Los Alamos National Lab, one of two labs in the nation responsible for nuclear research, has replaced networking equipment out of concerns over security. The concerns stem from the fact that the networking switches were created by China-based HC3 Technologies.
HC3 Technologies, a joint venture between Huawei Technologies and 3Com, developed two switches that were in place on the Los Alamos network, but have since been pulled according to a November 5 internal memo obtained by Reuters, due to security concerns.
These concerns are likely the same ones expressed by the House Armed Services Committee, which urged that U.S. agencies (including the Department of Energy, which oversees Los Alamos) avoid using technologies developed by Huawei or ZTE Corp over fear that they may have backdoors that expose critical infrastructure.
Last October, a report by the House Intelligence Committee said the two Chinese firms “cannot be trusted” to be free of influence from the PLA, and by proxy the CPC (Communist Party of China) as a whole. There has been tremendous concern by Washington that Huawei’s ties to China’s government and military make them an automatic national security risk, fears that Huawei says translate into China-bashing.

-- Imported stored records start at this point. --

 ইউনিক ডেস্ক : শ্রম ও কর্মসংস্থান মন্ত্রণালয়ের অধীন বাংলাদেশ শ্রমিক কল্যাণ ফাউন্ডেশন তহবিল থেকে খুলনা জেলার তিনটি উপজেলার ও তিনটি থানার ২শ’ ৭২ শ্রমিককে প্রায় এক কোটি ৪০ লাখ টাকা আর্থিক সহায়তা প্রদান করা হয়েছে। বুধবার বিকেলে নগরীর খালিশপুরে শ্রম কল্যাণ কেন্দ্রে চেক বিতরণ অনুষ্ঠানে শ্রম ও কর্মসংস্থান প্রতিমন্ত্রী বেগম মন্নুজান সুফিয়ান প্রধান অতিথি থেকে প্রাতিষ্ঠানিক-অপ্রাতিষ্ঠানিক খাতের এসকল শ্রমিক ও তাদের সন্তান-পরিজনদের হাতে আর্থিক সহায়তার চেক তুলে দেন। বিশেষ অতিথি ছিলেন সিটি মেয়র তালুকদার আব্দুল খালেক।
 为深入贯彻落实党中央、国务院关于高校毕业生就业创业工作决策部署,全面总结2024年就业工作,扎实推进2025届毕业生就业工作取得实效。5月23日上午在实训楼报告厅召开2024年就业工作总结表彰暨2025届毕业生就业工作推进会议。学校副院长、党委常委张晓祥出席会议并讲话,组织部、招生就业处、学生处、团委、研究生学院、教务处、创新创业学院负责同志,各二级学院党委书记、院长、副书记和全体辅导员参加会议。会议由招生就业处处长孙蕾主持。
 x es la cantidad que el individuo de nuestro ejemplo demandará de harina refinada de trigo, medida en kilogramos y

After the October report was released, William Plummer, a US spokesman for Huawei said during an open conference call with reporters that it was “utterly lacking in substance.”

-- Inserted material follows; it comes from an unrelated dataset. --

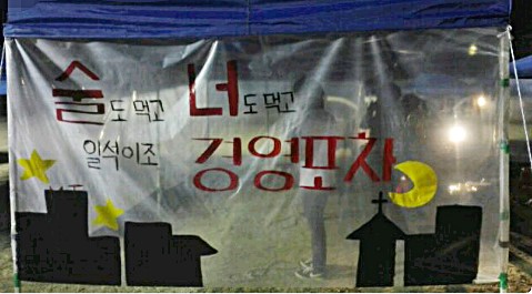 問題が大きくなったのは、あるユーザーが同大学のFacebookに、卒業式会場で掲げられた“垂れ幕”をアップしたからだ。垂れ幕には赤字で大きく「オッパ(お兄ちゃん)! 祝・卒業」と書かれているのだが、実はその下にも黒字で小さく文字が書かれている。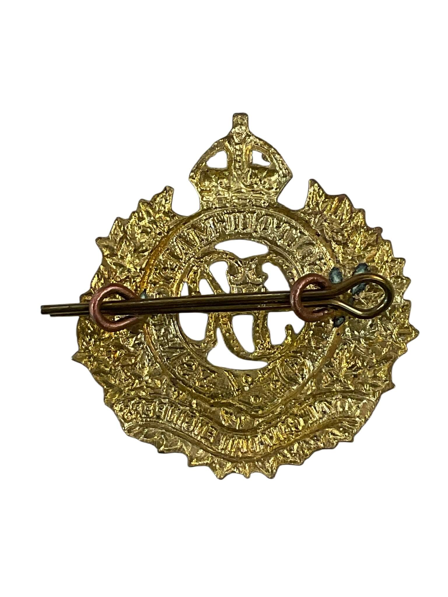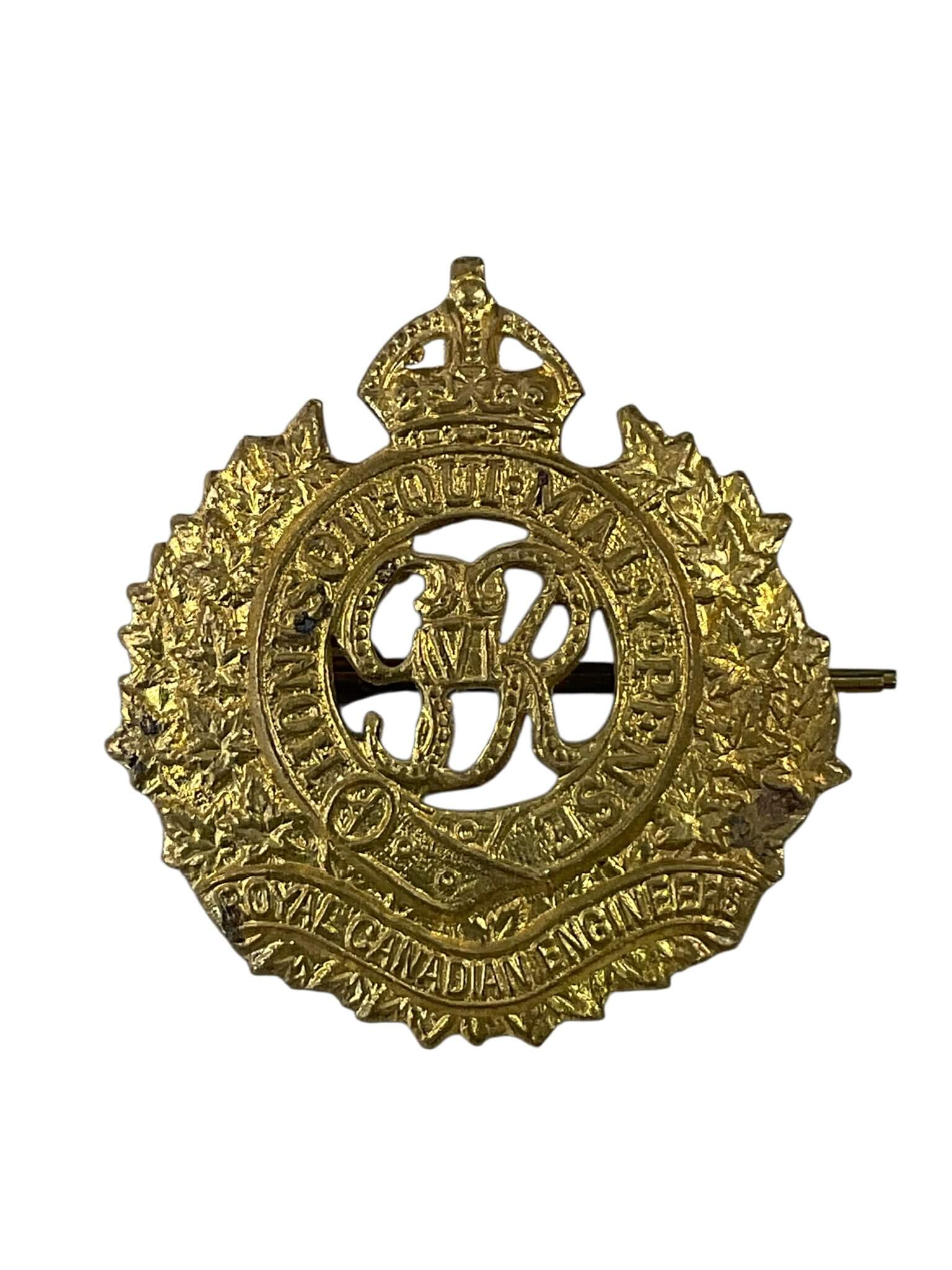 The WW2 Royal Canadian Engineers (RCE) Cap Badge is an authentic insignia worn by members of the Royal Canadian Engineers during the Second World War. This badge typically features the distinctive elements associated with the RCE, including a crowned garter inscribed with the unit’s motto, encircling the royal cypher and set above a scroll bearing the designation “Royal Canadian Engineers.” Made of brass or bi-metal, the badge was designed to be affixed to the service dress cap, serving as both a unit identifier and a symbol of the corps’ contributions to military engineering, construction, and support. The RCE played a vital role in bridging, fortification, demolition, and infrastructure projects throughout the conflict. This cap badge provides a tangible link to the uniforms of Canadian military engineers and represents the service and history of the corps within the broader context of the Allied war effort.

“Huawei unequivocally denies the allegations in the report. [It] utterly ignores these facts and dismisses 10 months of open information sharing,” he said, adding that it was“…little more than an exercise in China-bashing and misguided protectionism.”
In response to Tuesday’s disclosure on the changes made at Los Alamos, Plummer told Reuters that the move was reckless.
“There has never been a shred of substantive proof that Huawei gear is any less secure than that of our competitors, all of which rely on common global standards, supply chains, coding and manufacturing. Blackballing legitimate multinationals based on country of origin is reckless, both in terms of fostering a dangerously false sense of cyber-security and in threatening the free and fair global trading system that the U.S. has championed for the last 60-plus years.”